**Action item**
For the entries below, print exactly the lines between the line holding "This graceful dress" and the line holding "9月14日,慰問(wèn)小", inclusive, and nothing else.

/---

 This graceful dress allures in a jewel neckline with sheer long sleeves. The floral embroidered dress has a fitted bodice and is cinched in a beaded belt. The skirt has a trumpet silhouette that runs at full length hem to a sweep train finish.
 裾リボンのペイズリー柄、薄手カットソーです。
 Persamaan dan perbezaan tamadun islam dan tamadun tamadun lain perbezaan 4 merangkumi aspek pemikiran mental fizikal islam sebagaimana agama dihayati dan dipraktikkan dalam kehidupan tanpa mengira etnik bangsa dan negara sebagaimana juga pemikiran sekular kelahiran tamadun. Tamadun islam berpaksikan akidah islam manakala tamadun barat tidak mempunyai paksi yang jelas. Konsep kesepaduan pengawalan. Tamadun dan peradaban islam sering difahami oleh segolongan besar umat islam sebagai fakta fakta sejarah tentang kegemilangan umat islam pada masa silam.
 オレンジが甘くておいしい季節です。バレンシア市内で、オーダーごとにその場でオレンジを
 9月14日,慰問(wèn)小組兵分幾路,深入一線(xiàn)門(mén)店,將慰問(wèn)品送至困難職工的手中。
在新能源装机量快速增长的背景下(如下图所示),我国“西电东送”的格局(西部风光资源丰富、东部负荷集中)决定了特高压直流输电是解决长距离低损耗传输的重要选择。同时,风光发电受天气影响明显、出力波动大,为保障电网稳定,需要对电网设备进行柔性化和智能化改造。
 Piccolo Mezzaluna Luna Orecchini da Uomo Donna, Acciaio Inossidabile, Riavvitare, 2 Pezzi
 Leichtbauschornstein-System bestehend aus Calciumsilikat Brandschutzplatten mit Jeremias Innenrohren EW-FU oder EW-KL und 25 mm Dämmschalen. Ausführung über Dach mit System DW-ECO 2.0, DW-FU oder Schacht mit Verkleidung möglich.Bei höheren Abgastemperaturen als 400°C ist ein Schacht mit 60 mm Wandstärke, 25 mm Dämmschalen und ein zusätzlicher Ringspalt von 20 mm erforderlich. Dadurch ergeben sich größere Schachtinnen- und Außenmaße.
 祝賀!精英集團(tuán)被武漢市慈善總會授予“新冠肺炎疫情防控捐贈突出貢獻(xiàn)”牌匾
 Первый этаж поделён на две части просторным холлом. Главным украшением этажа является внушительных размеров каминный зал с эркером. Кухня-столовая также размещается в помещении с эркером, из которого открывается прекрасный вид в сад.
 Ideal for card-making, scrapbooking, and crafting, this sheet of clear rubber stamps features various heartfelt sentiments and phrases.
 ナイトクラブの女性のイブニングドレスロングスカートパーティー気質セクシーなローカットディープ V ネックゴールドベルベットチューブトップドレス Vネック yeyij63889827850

\---
/---

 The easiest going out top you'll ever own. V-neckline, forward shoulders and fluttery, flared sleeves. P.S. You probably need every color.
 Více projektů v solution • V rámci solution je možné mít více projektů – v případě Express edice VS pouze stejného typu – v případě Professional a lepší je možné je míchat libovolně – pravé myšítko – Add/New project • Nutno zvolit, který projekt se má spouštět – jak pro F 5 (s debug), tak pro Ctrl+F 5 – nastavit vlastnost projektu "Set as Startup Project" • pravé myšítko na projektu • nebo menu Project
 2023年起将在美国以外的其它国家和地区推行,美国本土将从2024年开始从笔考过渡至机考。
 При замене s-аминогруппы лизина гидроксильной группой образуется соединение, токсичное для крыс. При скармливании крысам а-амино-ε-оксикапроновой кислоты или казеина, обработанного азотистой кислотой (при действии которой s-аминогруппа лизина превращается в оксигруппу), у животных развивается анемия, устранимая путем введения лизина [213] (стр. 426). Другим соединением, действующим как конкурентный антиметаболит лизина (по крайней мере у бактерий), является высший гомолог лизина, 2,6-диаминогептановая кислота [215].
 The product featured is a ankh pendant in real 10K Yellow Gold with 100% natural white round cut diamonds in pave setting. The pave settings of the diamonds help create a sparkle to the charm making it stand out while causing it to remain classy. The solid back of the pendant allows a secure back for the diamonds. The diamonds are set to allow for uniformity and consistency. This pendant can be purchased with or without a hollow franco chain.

\---

**Exercise result**
 This graceful dress allures in a jewel neckline with sheer long sleeves. The floral embroidered dress has a fitted bodice and is cinched in a beaded belt. The skirt has a trumpet silhouette that runs at full length hem to a sweep train finish.
 裾リボンのペイズリー柄、薄手カットソーです。
 Persamaan dan perbezaan tamadun islam dan tamadun tamadun lain perbezaan 4 merangkumi aspek pemikiran mental fizikal islam sebagaimana agama dihayati dan dipraktikkan dalam kehidupan tanpa mengira etnik bangsa dan negara sebagaimana juga pemikiran sekular kelahiran tamadun. Tamadun islam berpaksikan akidah islam manakala tamadun barat tidak mempunyai paksi yang jelas. Konsep kesepaduan pengawalan. Tamadun dan peradaban islam sering difahami oleh segolongan besar umat islam sebagai fakta fakta sejarah tentang kegemilangan umat islam pada masa silam.
 オレンジが甘くておいしい季節です。バレンシア市内で、オーダーごとにその場でオレンジを
 9月14日,慰問(wèn)小組兵分幾路,深入一線(xiàn)門(mén)店,將慰問(wèn)品送至困難職工的手中。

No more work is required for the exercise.